October 23, 2019

Recently you may have heard our company communicating a ‘key message’ of theirs comparing us to Sears and Nortel. The talking points are attempting to compare the Co-op Refinery’s business position to that of Sears and Nortel prior to their historic downfalls.

The goal of the ‘key message’ is to get you thinking about the demise of Sears and Nortel. It’s done to plant a seed in your mind about the future viability of the Co-op Refinery.

Sears and Nortel were once two highly revered juggernauts of business. They ruled their industries and were darlings of the stock market. However, in each story they both suffered the unthinkable, cash flow stopped, debts piled up, and panic set in.

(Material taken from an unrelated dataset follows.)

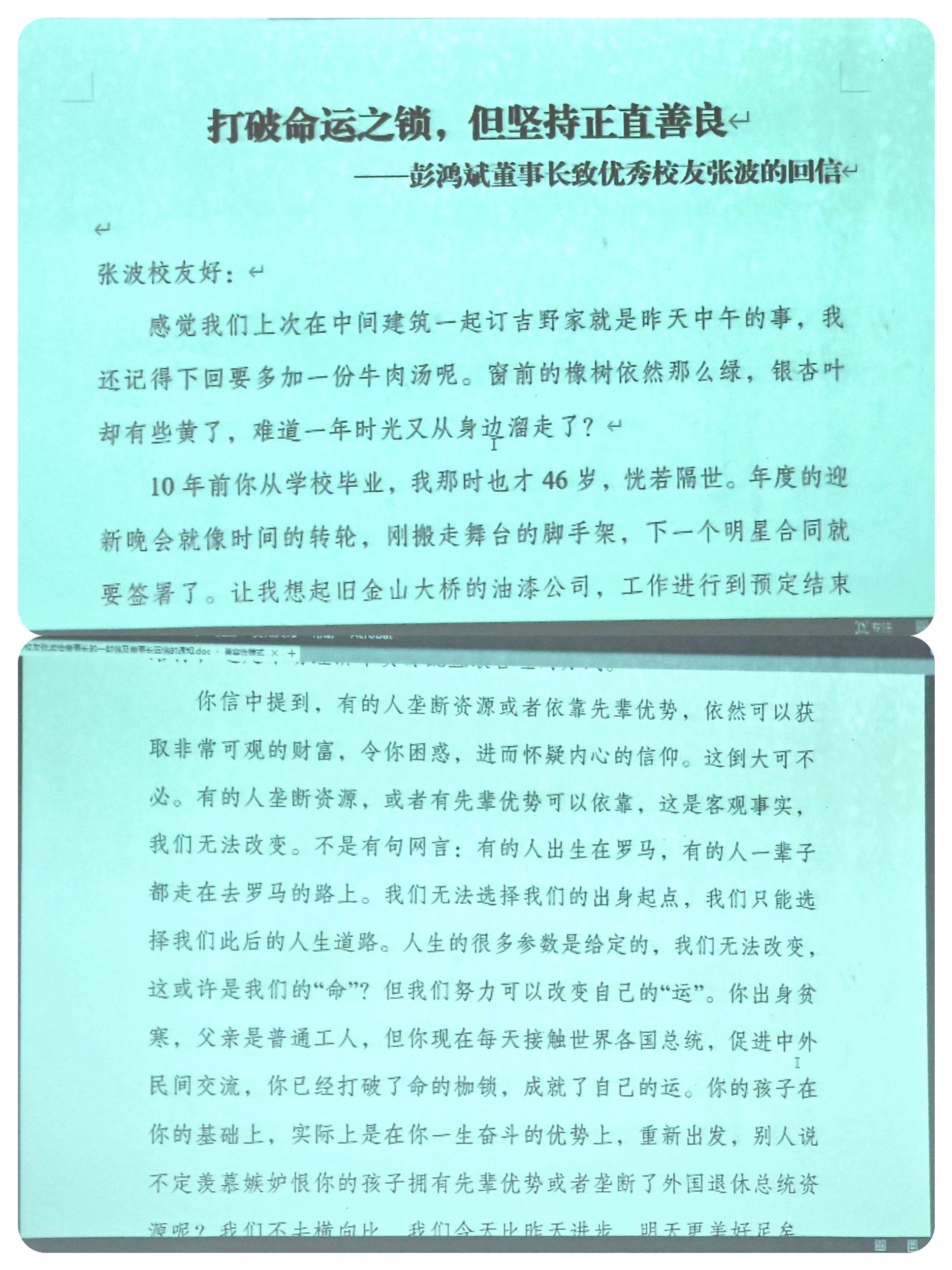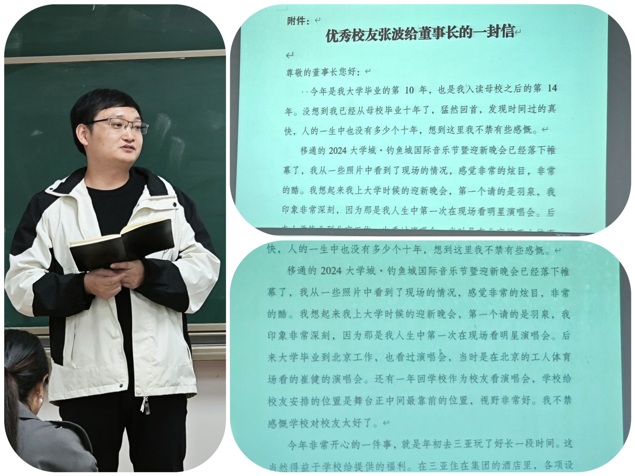 王副院长首先介绍了优秀校友张波,作为从母校走出并在各自领域取得卓越成就的代表,在信中校友满含深情地回顾了在校期间的点滴,感恩母校的培养以及董事长领导下的校园文化对其成长的深刻影响。信里不仅分享了自己在事业发展中的经验和感悟,更表达对母校的眷恋和对董事长领导理念的尊重。
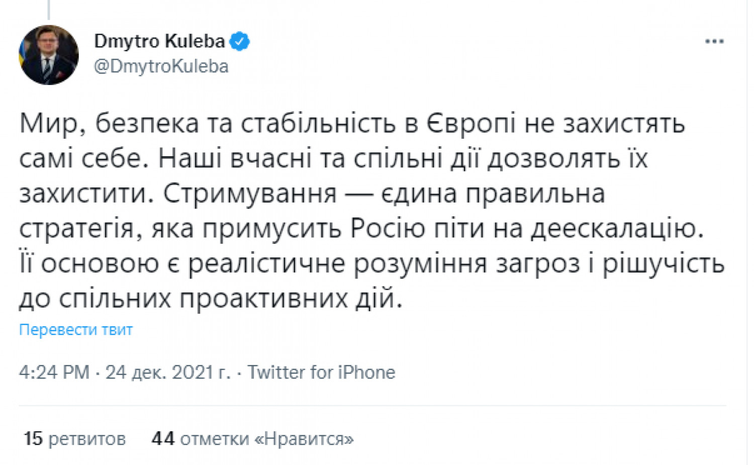 Министр иностранных дел Украины Дмитрий Кулеба заявил, что заставить Россию пойти на деэскалацию может только совместное сдерживание со стороны Украины и ее международных партнеров. Как написал в своем Twitter чиновник, мир, безопасность и стабильность в Европе «не защитят себя сами» и что для этого нужны своевременные и совместные действия. «Сдерживание — единственная правильная стратегия, которая заставит Россию пойти на деэскалацию. Ее основой является реалистическое понимание угроз и решимость на совместные проактивные действия», — подчеркнул Кулеба. СМЕРТЬ РОССИЙСКИМ ОККУПАНТАМ! Заметили ошибку? Выделяйте слова с ошибкой и нажимайте control-enter |

Several attempts to save both businesses were attempted with unfortunate and ill-fated circumstances.

Is Federated Co-op on the same path as Sears and Nortel? Or perhaps, Co-op Refinery is nothing like Sears and Nortel and it’s a talking point? If we are Sears and Nortel, what are the plans for preventing this?

Comparing Co-op Refinery to Sears and Nortel

Simply put, Sears sold all kinds of household goods in stores to people. They owned the largest retail footprint in the Western World at one time and their catalogue business was thriving. Nortel seemed to own the dot com race and were at one point the most important company in Canada. Both companies were money printing machines and for many years made a lot of money. How could they fail? And why did Sears and Nortel fail? Most importantly how are we different?

The Co-op Refinery

The Co-op Refinery operates in a market where there isn’t a large number of competitors. The market supply matches demand closely, keeping gasoline and diesel at a profitable price.

The Co-op Refinery has several competitive advantages and produces massive profits. We are leaders in waste water treatment, we produce high quality products and are proud of our cooperative values.

We successfully operate the Refinery. Our safety record is good and always improving. There are many bright spots for the future of the Refinery and Federated Co-op. Yes there are challenges ahead to change and adapt as with any business.

Sears Holdings

Sears operated in a very competitive environment selling TV’s, furniture, clothing, and many other products. They pioneered the retail space and dominated in business for many years.

They owned a large retail footprint and had a catalogue business that thrived.

Their downfall was not the amount of money they made, but a failure to successfully adapt to the future that had snuck up on them. They sold stuff that anyone could sell. The company’s biggest competitors were Walmart and Amazon. Other rivals include Macy’s, JC Penney, Home Depot, Lowe’s, and Best Buy. Could they have been one of these stores? Probably but they didn’t make the right choices. 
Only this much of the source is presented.